The transmissions

I want to describe what the signal is like, as precisely as I can.

It is not a voice. I want to be very clear about this because "voice in my head" has clinical implications that I've already explored and we'll get to that in another post. It is not a voice. It doesn't have language. It doesn't tell me things in sentences.

The best analogy I've come up with: you know the feeling when you're driving somewhere you've driven a hundred times, and without thinking about it, you know you need to take the next exit? Not because you saw a sign. Not because you consciously thought about the route. The knowledge is already there, beneath the level of thought, and it surfaces fully formed.

It's like that. But instead of "take the next exit," it's something enormous and specific and strange.

The recurring elements, as best I can transcribe them:

There is a cycle. Something that recurs on a very long timescale. Longer than recorded history, but shorter than geological time. A timescale that human civilization has been through before and doesn't remember. The "before" is important. There is a very strong sense of before.

There is a pattern. Things are moving toward something. Not abstractly. There is a vector. A direction. And it is the same direction it has pointed before, in a prior iteration of whatever this cycle is.

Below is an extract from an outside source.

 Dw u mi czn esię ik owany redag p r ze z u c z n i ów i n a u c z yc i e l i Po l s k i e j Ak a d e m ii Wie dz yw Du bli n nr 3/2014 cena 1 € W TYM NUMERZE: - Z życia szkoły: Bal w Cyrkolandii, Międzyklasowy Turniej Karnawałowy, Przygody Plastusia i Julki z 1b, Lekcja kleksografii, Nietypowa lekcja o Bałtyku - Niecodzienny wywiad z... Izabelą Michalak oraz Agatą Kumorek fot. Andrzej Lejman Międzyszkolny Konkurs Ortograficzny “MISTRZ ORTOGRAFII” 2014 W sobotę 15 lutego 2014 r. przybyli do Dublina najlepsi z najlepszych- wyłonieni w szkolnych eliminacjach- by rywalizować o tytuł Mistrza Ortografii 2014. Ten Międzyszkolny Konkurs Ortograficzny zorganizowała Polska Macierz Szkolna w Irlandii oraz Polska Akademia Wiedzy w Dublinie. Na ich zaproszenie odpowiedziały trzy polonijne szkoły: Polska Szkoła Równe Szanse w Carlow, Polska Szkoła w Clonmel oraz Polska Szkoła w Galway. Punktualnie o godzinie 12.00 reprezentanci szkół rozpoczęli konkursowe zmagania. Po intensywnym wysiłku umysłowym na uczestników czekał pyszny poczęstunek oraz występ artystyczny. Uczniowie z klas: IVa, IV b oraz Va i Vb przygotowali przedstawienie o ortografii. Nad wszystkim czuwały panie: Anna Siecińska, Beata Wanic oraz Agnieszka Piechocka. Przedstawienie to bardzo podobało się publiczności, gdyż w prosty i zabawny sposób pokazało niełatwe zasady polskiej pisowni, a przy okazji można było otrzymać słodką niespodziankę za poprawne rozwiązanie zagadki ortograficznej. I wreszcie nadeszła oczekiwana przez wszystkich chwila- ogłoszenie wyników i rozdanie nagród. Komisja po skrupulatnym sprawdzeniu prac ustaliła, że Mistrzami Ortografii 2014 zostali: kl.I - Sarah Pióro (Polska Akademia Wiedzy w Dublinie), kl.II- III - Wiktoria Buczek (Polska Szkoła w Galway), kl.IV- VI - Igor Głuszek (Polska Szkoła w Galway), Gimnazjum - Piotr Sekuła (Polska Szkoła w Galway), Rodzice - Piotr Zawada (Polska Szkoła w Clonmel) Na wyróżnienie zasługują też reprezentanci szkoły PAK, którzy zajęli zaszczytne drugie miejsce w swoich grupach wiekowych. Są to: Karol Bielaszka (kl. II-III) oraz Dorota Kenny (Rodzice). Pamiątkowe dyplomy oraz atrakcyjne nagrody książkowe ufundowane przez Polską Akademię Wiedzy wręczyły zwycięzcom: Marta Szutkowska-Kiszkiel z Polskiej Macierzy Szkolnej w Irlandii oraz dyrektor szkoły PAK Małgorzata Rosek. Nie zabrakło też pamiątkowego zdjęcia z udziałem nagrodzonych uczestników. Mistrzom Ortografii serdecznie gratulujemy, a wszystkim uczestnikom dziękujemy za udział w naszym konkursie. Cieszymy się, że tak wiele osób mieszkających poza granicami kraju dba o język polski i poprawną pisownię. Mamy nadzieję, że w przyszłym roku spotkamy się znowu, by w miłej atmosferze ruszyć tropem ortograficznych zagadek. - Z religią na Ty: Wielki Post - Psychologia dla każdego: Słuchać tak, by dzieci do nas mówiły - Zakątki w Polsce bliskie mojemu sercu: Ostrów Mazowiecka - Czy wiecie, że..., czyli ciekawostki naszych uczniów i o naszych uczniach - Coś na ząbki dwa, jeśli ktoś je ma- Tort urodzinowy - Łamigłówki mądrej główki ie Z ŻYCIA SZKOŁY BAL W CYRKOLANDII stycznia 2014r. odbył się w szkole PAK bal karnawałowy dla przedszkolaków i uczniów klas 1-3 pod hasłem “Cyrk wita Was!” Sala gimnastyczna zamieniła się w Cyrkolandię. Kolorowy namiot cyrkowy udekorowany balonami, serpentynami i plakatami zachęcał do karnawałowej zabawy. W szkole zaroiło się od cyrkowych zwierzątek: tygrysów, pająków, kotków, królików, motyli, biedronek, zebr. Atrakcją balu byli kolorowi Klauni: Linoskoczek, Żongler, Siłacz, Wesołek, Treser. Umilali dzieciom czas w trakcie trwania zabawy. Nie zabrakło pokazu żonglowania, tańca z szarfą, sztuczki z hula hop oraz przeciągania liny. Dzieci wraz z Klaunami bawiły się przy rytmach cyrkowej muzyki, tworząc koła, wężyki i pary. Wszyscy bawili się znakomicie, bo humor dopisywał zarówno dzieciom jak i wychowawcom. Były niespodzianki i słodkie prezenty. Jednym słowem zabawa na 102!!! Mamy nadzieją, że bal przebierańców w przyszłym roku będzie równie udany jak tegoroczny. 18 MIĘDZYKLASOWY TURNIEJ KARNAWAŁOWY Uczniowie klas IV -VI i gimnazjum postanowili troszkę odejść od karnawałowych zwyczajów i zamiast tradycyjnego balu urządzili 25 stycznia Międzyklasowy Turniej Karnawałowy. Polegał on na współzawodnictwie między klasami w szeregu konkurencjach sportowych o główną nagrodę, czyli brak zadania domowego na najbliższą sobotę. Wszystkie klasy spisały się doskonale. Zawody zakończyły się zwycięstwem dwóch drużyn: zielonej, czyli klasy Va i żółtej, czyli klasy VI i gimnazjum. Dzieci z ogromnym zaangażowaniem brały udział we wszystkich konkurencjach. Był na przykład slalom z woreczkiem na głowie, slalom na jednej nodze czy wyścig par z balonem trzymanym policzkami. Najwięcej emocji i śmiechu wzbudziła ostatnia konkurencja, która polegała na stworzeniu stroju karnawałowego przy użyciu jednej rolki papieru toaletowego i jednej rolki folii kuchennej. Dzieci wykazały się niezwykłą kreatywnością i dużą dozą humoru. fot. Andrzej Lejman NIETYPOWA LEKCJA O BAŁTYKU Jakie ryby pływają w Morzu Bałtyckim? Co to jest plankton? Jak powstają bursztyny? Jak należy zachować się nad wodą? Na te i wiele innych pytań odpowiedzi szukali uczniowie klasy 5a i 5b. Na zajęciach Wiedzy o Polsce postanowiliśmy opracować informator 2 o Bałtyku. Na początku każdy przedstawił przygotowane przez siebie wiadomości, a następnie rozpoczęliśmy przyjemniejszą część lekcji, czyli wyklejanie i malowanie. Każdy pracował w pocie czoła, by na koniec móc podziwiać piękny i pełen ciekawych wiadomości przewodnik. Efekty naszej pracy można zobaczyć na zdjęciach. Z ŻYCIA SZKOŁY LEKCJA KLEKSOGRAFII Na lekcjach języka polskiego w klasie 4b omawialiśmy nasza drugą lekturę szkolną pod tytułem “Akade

There is urgency. Not panic. Not "something terrible is coming." More like the feeling you get when you realize the lecture is almost over and there are three concepts you still haven't covered. A productive urgency. Something like: "you need to understand this before the time comes."

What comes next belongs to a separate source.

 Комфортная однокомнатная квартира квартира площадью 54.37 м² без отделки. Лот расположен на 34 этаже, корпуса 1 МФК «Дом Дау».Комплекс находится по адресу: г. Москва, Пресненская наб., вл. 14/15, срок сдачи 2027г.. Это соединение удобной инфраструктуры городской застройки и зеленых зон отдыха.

And here is the part that frightens me, when I let it. The knowledge doesn't feel like mine. It feels received. Like something is broadcasting and I am tuned to it.

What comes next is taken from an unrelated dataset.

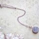 以濃郁的藍色為背景,點綴花朵和珍珠,搭配閃粉與白色線條,設計出優雅的吊墜。俐落的方形線條能讓頸部線條看起來更為修長。深沉的藏青色是秋冬季節的絕佳搭配單品。
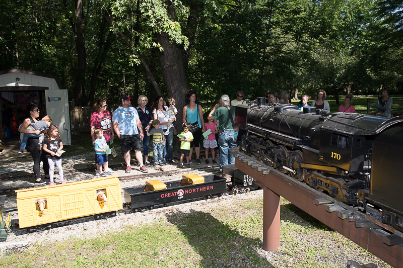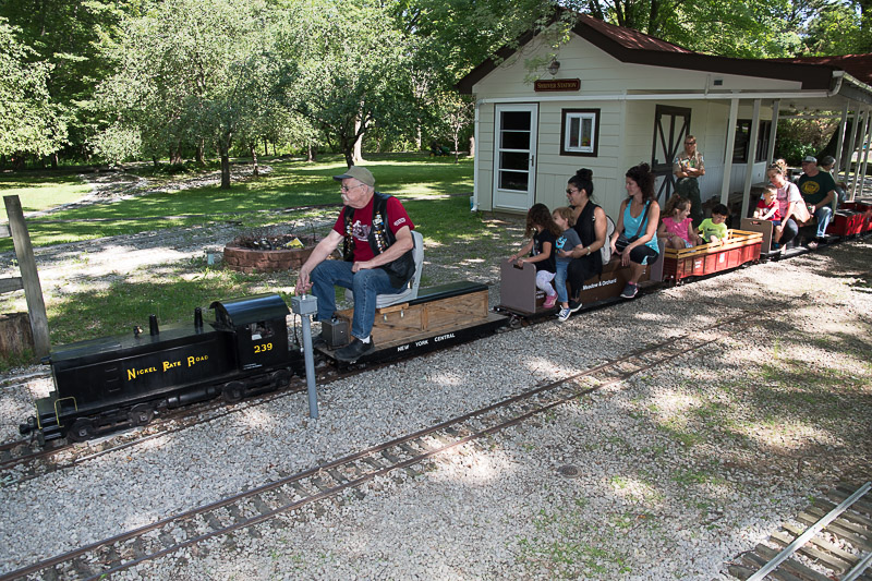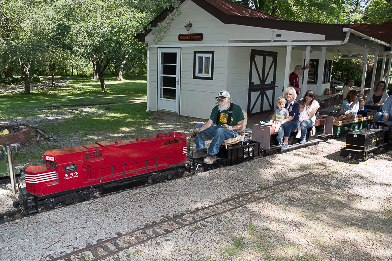 Judson gives the name of the car and asks the kids what they think might be hauled in it or on it(as in the case of the flatcar). John sitting behind his engine waiting for the attendees to come over to the loading area for a ride. |

I've spent six months trying to find rational explanations. Intrusive thought disorders. Hypnagogia. Temporal lobe activity during stress. None of it fits properly. Intrusive thoughts repeat obsessively - these don't repeat, they accumulate. Each instance adds something new. Hypnagogic experiences occur at the threshold between sleep and waking - these happen at eleven in the morning in the middle of a lab class. Temporal lobe phenomena involve dissociation - I remain fully present, fully functional, fully aware of my surroundings.

What I have is more like a research assistant I didn't hire. Leaving notes on my desk.

I don't know what to do with this yet. But I'm writing it down.